→ Stored data entries:
^^^^^^^^

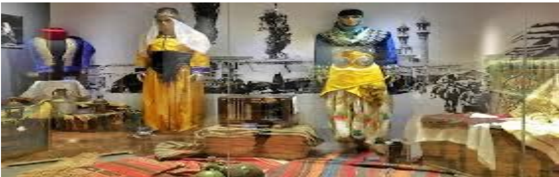
Resim 6: Sille Müzesi Konya

Resim 5’de Gülsüm Güral Müze’sinde Kütahya ili geleneksel ev yaşantısını yansıtan bir mekan içerisinde halı, yaygı, örtü ve geleneksel kıyafetler giyinmiş kadınlar sergilenmektedir. Tür bakımından sürekli sergiler kısmında, otantik biçimde, anı ve hatıra sergisi olarak sınıflandırılabilir.
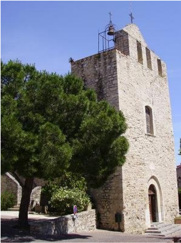
L'église Saint Sauveur
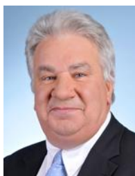
Oise Circonscription n°6
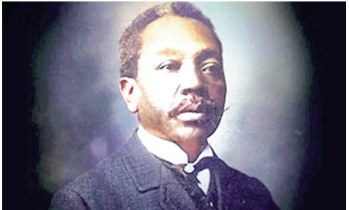
Gabino Ezeiza fue uno de los precursores de la payada en Argentina.

Gabino era conocido como el 'Negro' Ezeiza. Nació en el barrio porteño de San Telmo el 3 de febrero de 1858 y falleció el 12 de octubre de 1916. El cantante y compositor fue uno de los precursores de este género narrado y contribuyó para profesionalizarlo al introducir el contrapunto (la payada a dúo o duelo cantado).
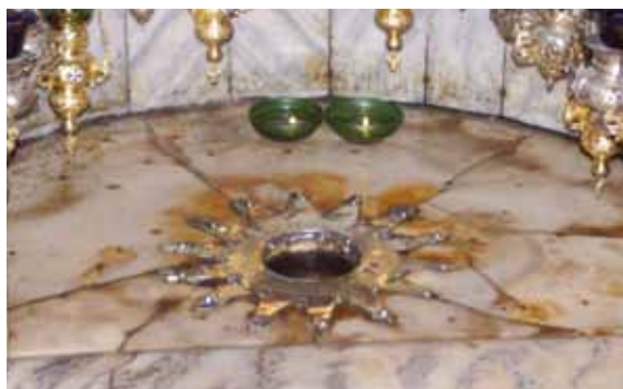
Der Stern in der Geburtskirche von Bethlehem
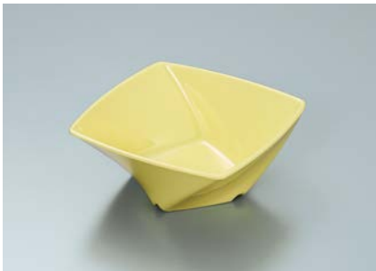
MB-680 LMY(ライムイエロー) ツイストボール A 110 × 110 × 45 ・ 230ml ¥710
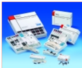
* Venus – Qualität mit 27-Farb-Spektrum.

das Composite perfekt an die natürliche Zahnfarbe anpassen. Zur IDS wurde das Universalcomposite durch ein entsprechendes Bondingsystem und eine darauf abgestimmte Polymerisations-Lampe ergänzt. Mit dem selbst-ätzenden und lichterhär- tenden Ein-Komponenten-Adhäsiv iBond kann der Zahnarzt in nur einem Arbeitsschritt ätzen, primen, bonden und desensibilisieren. iBond eignet sich zur
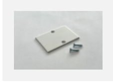
145-50101, S 2 x Metall-Endkappe mit Schrauben
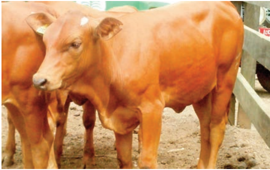
Veau femelle N'dapoli 2.

de format plus grand : Sénépol, Néllore et Sindi ; accélérer la croissance du cheptel en favorisant la naissance de veaux de sexe femelle. C'est aussi le lieu de préciser que 328 vaches et génisses ont été inséminées en février 2017 avec de la semence sexée femelle de race Sénépol. Les naissances sont attendues en novembre 2017. En revanche, près de 1 500 vaches et génisses seront inséminées à la fin de l'année 2017 avec de la semence sexée femelle de race Sénépol, Néllore et Sindi.
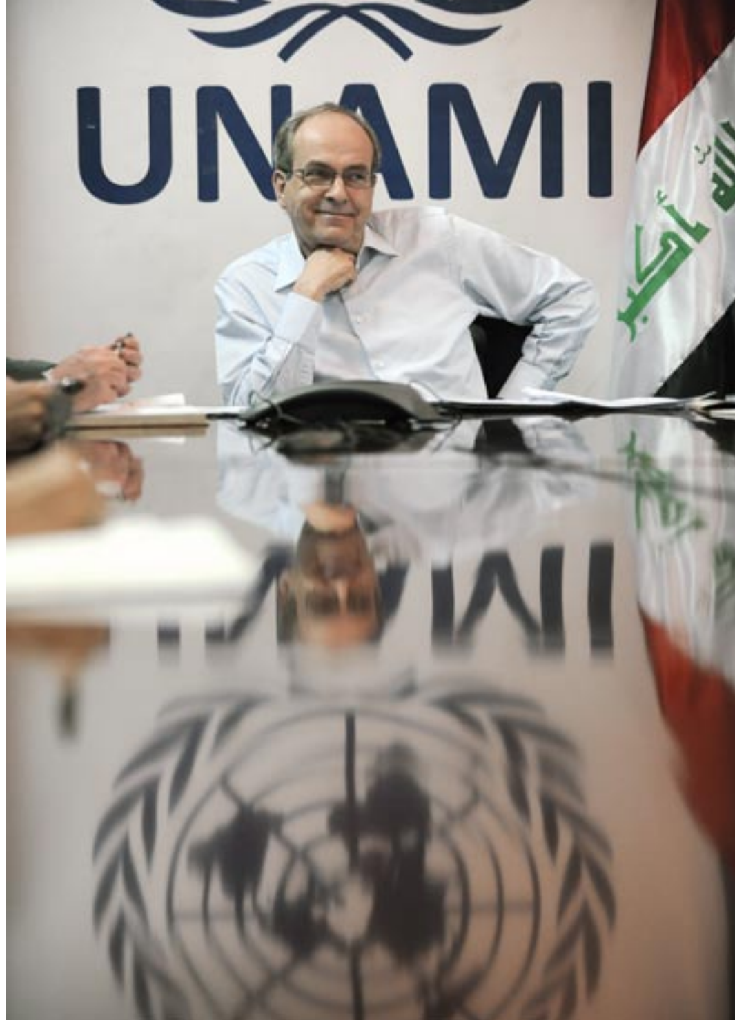
Stafvergadering in het hoofdkwartier van Unami: ‘Hoe staat het met het geweld vandaag?’

Het Unami-team vertrekt naar kantoor. Melkert trekt zich terug in zijn werkkamer. Om tien voor één loopt hij de wenteltrap af. Een Nieuw-Zeelandse beveiliging met een glazen oog loopt voor hem uit. Buiten staan drie gepantserde voertuigen voor. ‘You never walk alone hier,’ zegt Melkert mat. Zijn voorganger Sérgio Vieira de Mello kwam in 2003 met eenentwintig VN-medewerkers bij een bomaanslag op het VN-kwartier om. Unami bracht haar missie terug tot het
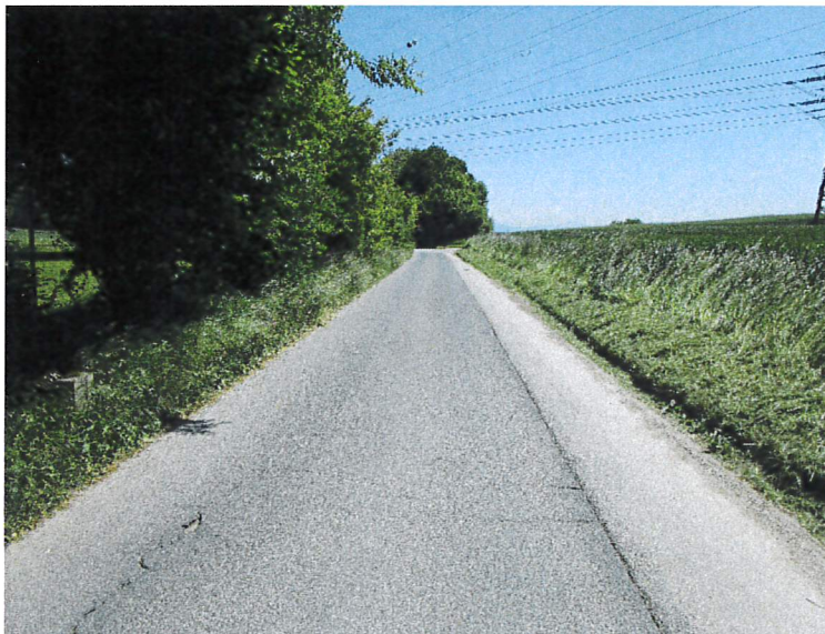
Figure 2 : Chemin du Marais à réfectionner

L'objectif de la présente étude est, d'une part, d'étudier la deuxième étape de la remise à ciel ouvert du ruisseau du Tord Cou, mais également de profiter des travaux pour réfectionner le chemin du Marais et remplacer les collecteurs existants situés sous ledit chemin.

^^^^^^^^

→ Work instruction:
Word for word, restate the lines above from the first through the one that contains "Stafvergadering in het", and exclude all pictures.

→ Answer for the task:
Resim 6: Sille Müzesi Konya

Resim 5’de Gülsüm Güral Müze’sinde Kütahya ili geleneksel ev yaşantısını yansıtan bir mekan içerisinde halı, yaygı, örtü ve geleneksel kıyafetler giyinmiş kadınlar sergilenmektedir. Tür bakımından sürekli sergiler kısmında, otantik biçimde, anı ve hatıra sergisi olarak sınıflandırılabilir.
L'église Saint Sauveur
Oise Circonscription n°6
Gabino Ezeiza fue uno de los precursores de la payada en Argentina.

Gabino era conocido como el 'Negro' Ezeiza. Nació en el barrio porteño de San Telmo el 3 de febrero de 1858 y falleció el 12 de octubre de 1916. El cantante y compositor fue uno de los precursores de este género narrado y contribuyó para profesionalizarlo al introducir el contrapunto (la payada a dúo o duelo cantado).
Der Stern in der Geburtskirche von Bethlehem
MB-680 LMY(ライムイエロー) ツイストボール A 110 × 110 × 45 ・ 230ml ¥710
* Venus – Qualität mit 27-Farb-Spektrum.

das Composite perfekt an die natürliche Zahnfarbe anpassen. Zur IDS wurde das Universalcomposite durch ein entsprechendes Bondingsystem und eine darauf abgestimmte Polymerisations-Lampe ergänzt. Mit dem selbst-ätzenden und lichterhär- tenden Ein-Komponenten-Adhäsiv iBond kann der Zahnarzt in nur einem Arbeitsschritt ätzen, primen, bonden und desensibilisieren. iBond eignet sich zur
145-50101, S 2 x Metall-Endkappe mit Schrauben
Veau femelle N'dapoli 2.

de format plus grand : Sénépol, Néllore et Sindi ; accélérer la croissance du cheptel en favorisant la naissance de veaux de sexe femelle. C'est aussi le lieu de préciser que 328 vaches et génisses ont été inséminées en février 2017 avec de la semence sexée femelle de race Sénépol. Les naissances sont attendues en novembre 2017. En revanche, près de 1 500 vaches et génisses seront inséminées à la fin de l'année 2017 avec de la semence sexée femelle de race Sénépol, Néllore et Sindi.
Stafvergadering in het hoofdkwartier van Unami: ‘Hoe staat het met het geweld vandaag?’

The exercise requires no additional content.